- Work instruction:
An exact copy is needed of the lines in the entries below from the line with "Ca Smog Check" up to and including the line with "5 рублей 1901 (в слабе) (ФЗ)", and of nothing else. Leave the pictures out.

- Records for the task:
▬▬▬▬▬▬▬▬▬▬

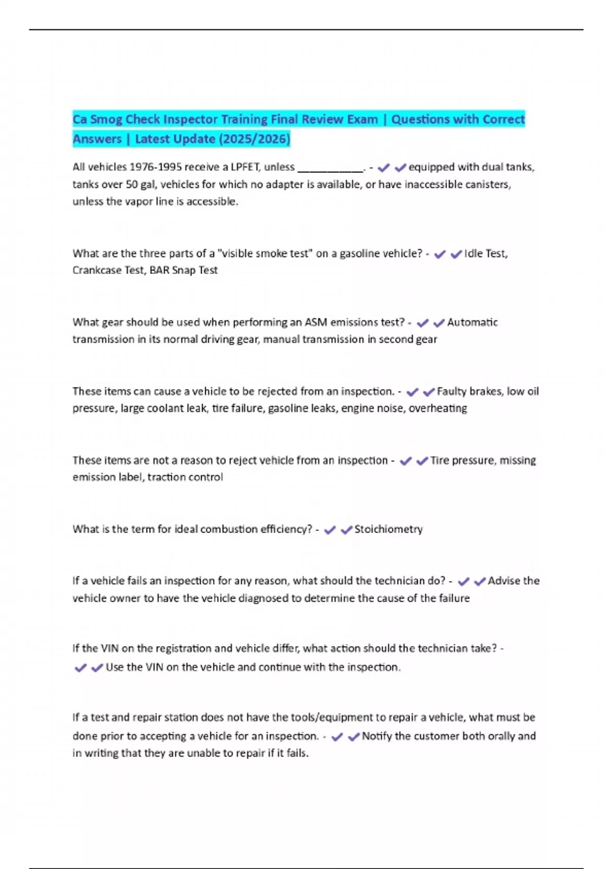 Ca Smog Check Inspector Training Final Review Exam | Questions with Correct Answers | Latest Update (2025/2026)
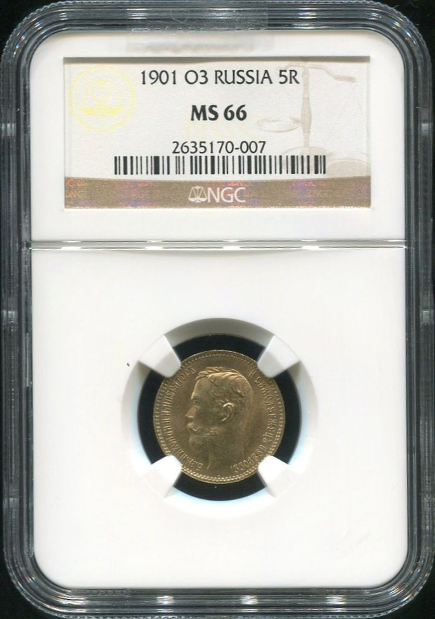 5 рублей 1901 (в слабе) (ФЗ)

▬▬▬▬▬▬▬▬▬▬

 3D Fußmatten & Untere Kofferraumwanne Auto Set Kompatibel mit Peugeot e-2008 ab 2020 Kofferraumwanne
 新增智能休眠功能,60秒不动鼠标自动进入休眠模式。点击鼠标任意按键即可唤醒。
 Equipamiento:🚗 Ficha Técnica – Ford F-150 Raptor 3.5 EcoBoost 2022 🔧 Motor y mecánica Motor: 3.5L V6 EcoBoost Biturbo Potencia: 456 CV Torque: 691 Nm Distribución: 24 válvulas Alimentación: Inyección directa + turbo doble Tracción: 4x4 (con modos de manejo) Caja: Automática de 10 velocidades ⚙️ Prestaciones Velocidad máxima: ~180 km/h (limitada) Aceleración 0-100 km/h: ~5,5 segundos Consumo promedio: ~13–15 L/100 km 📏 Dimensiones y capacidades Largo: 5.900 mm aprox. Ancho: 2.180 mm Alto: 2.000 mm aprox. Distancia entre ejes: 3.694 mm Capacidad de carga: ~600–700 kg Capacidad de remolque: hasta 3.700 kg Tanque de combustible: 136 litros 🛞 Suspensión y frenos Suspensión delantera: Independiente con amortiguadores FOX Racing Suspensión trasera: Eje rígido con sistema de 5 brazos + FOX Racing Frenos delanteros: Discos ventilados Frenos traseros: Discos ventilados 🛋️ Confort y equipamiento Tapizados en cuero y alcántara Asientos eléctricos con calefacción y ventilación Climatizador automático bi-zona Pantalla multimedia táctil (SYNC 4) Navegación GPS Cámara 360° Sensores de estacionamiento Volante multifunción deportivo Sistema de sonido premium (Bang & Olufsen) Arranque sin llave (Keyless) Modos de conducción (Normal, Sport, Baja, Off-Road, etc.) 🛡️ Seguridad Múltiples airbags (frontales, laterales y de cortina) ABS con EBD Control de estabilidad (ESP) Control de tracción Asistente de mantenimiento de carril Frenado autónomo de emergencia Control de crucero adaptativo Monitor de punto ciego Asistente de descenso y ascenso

▬▬▬▬▬▬▬▬▬▬

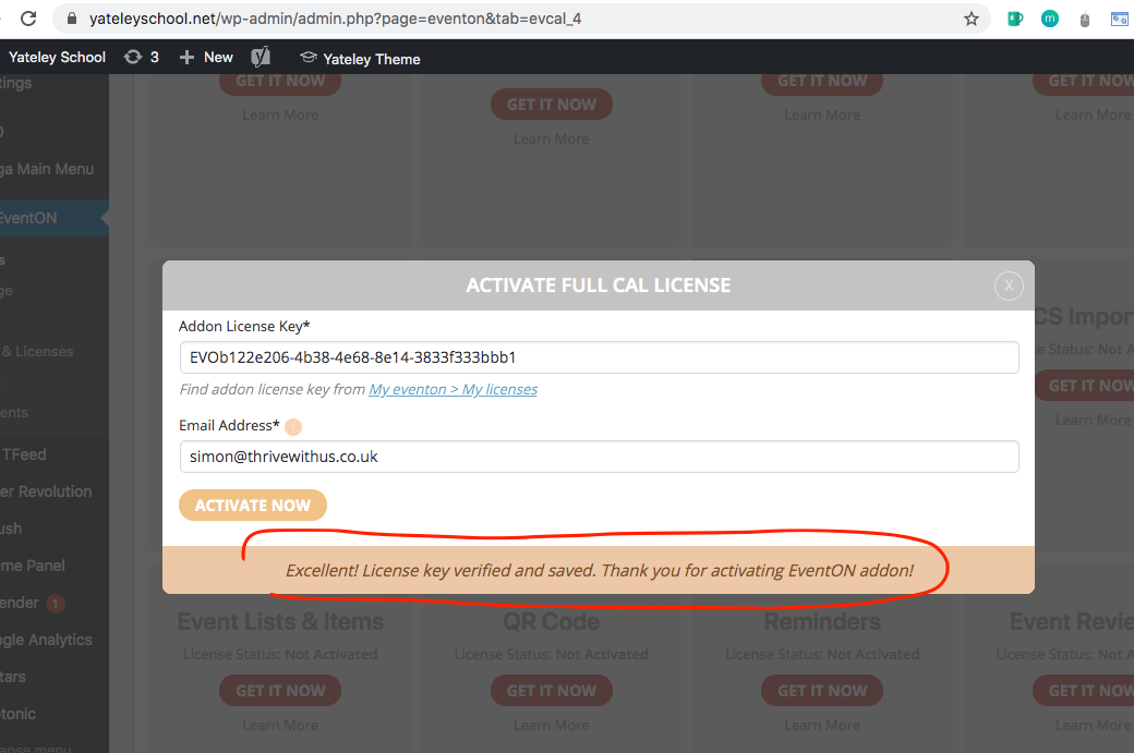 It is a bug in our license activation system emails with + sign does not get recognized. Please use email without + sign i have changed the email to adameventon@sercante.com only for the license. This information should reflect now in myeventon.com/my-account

▬▬▬▬▬▬▬▬▬▬

- Output of the exercise:
 Ca Smog Check Inspector Training Final Review Exam | Questions with Correct Answers | Latest Update (2025/2026)
 5 рублей 1901 (в слабе) (ФЗ)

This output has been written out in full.